J. Gerald Hebert, Fred Wertheimer, and Donald J. Simon were on the brief for amici curiae Campaign Legal Center and Democracy 21 in support of appellee.

Before: Garland, Chief Judge, and Henderson, Rogers, Tatel, Brown* , Griffith, Kavanaugh, Srinivasan, Millett, Pillard, and Wilkins, Circuit Judges.

Srinivasan, Circuit Judge:

The Federal Election Campaign Act imposes limits on the amounts that an individual may contribute to a candidate for federal office. 52 U.S.C. § 30116(a)(1)(A). Those contribution ceilings, known as FECA's base limits, aim to prevent the appearance or actuality of corruption associated with large campaign contributions to federal office holders and candidates.

In 2014, FECA's base limits permitted contributions of up to $2,600 to a candidate in each election in which she competed. So, for instance, if a candidate prevailed in a primary election and then competed in the general election, a donor could have contributed $2,600 to her for the primary and another $2,600 for the general. The same $2,600 ceiling would also have applied to any runoff election in which the candidate took part.

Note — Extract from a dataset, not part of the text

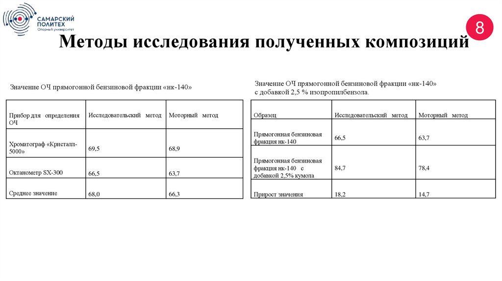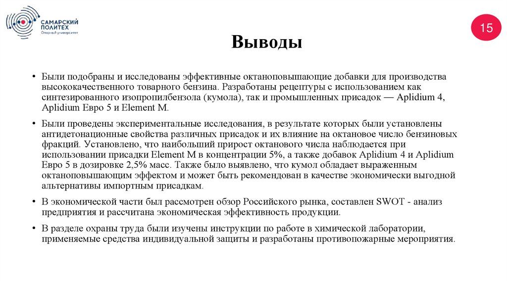 Выводы• Были подобраны и исследованы эффективные октаноповышающие добавки для производства

The plaintiffs in this case wished to make contributions to a candidate in the general election in amounts exceeding the $2,600 per-election limit. In particular, they sought to forgo making any contributions at all in the primary election but then effectively to carry over to the general election the amount they could have donated in the primary. That would have enabled them to contribute $5,200 to a candidate in the general election alone, double the applicable limit for that election.

Prohibited by FECA from doing so, plaintiffs brought an action challenging the constitutionality of the statute's base limits on individual contributions to candidates. According to plaintiffs, FECA violates their First Amendment rights by allowing separate contributions to a candidate in the primary and general elections of $2,600 each, but disallowing a contribution in a corresponding total amount of $5,200 if confined to the general election alone.

Plaintiffs' argument amounts to a challenge to Congress's choice to structure the base contribution limits for individuals as per-election ceilings. When establishing those limits, Congress had to pick some temporal frame of reference: a contribution ceiling, to be effective, must specify not only a maximum contribution amount (e.g., $2,600) but also a timeframe in which that amount may be expended (e.g., $2,600 in each election). Plaintiffs, in contending that they must be permitted to contribute twice the maximum amount in one (general) election if they skip any contribution in a different (primary) election, necessarily contest Congress's choice of a per-election ceiling.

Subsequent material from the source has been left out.